Stereo matching algorithm for weak texture region
Technical Field
The invention relates to the field of digital image processing, in particular to a stereo matching algorithm for a weak texture region.
Background
Binocular stereo vision is an important research subject of computer vision, the binocular stereo vision simulates human eye structure through a camera, different image information acquired through two different angles in the same scene is compared, and a computer is utilized to simulate a brain for processing, so that three-dimensional coordinate information of an object is acquired. The binocular stereo vision directly simulates the way that human beings observe external objects, and has the advantages of low cost, high efficiency and the like.
The binocular stereo vision system mainly comprises image acquisition, camera calibration, image correction, stereo matching and three-dimensional reconstruction, wherein the stereo matching is the most important link in stereo vision, the result of finally matching a disparity map is determined, and the correctness of finally recovered three-dimensional information is also determined. The stereo matching mainly comprises the steps of establishing a pixel corresponding relation between two-dimensional images, calculating parallax and obtaining a parallax image. The problem difficult to overcome in stereo matching mainly has illumination influence, and mismatching caused by shielding and mismatching of a low-texture region of a scene to which the stereo matching belongs. In the low-texture region, because the pixel values of each pixel point are very close, the difference between regions is not obvious during matching, and the matching result is easy to be wrong.
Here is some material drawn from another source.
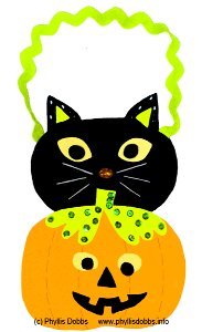 This is a nice little project and I could see this being a great crafting idea for kids, either at school or as a scout troop or church group, or even just at home! You could change it up by using googly eyes for he pumpkin, or pipe cleaners for the cat's whiskers, or even make a rhinestone necklace for the cat. Great idea, so fun and creative!
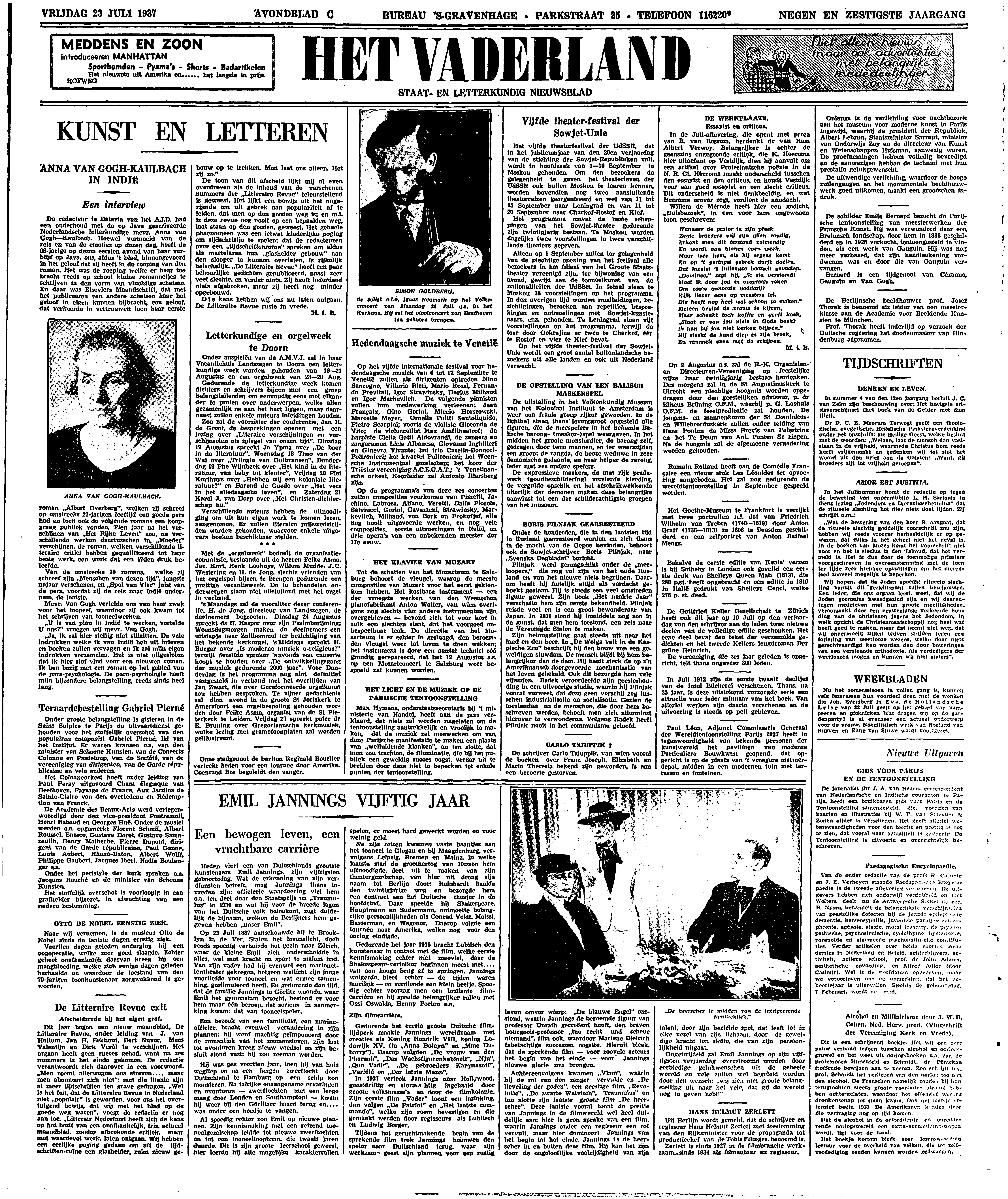Dit jaar begon een nieuw maandblad, De Litteraire Revue, onder leiding van J. van Hattum, Jan H. Eekhout, Bert Nuver, Mees Valentijn en Dirk Verèl te verschijnen. Het orgaan heeft geen succes gehad, want na zes nummers is het einde gekomen. De redactie verantwoordt zich daarover in een voorwoord. ‘Men roemt allerwegen ons streven.... maar men abonneert zich niet’: met die litanie zijn al meer tijdschriften ten grave gedragen. ‘Wel is het feit, dat de Litteraire Revue in Nederland niet “populair” is geworden, voor ons het overtuigend bewijs, dat wij met het blad op de goede weg waren’, voegt de redactie er nog aan toe. ‘Litterair Nederland heeft zich de kans op het bezit van een onafhankelijk, fris, actueel maandblad, zonder afbrekende critiek, maar met waardevol werk, laten ontgaan. Wij hebben een eerlijke poging gedaan om uit de tijdschriften-ruïne een glashelder, ruim nieuw gebouw op te trekken. Men laat ons alleen. Het zij zo.’

The local-based stereo matching comprises four steps: calculating matching cost, aggregating the matching cost, calculating parallax and optimizing results. A commonly used cost calculation method includes matching cost calculation based on pixel points: absolute difference Absolute Differences (AD), Squared Differences (SD), truncated absolute differences, etc., Truncated Absolute Differences (TAD), etc., and region-based matching cost calculations: sum of Absolute Differences (SAD), sum of squared differences (HADAMARD), Sum of Absolute Transformed Differences (SATD), etc.). Commonly used cost aggregation methods include a filter-based cost aggregation method (binary filter, a defined image filter, a box filter, etc.), a cost aggregation method based on a partition tree, and the like.
At present, most of improvement researches on stereo matching algorithms focus on improving the first two steps, but no matching algorithm with good robustness is provided at present, and most of the improvement researches need to design corresponding matching methods according to image characteristics and processing requirements.
Disclosure of Invention
In order to overcome the defects and shortcomings in the prior art, the invention provides a stereo matching algorithm for weak texture regions.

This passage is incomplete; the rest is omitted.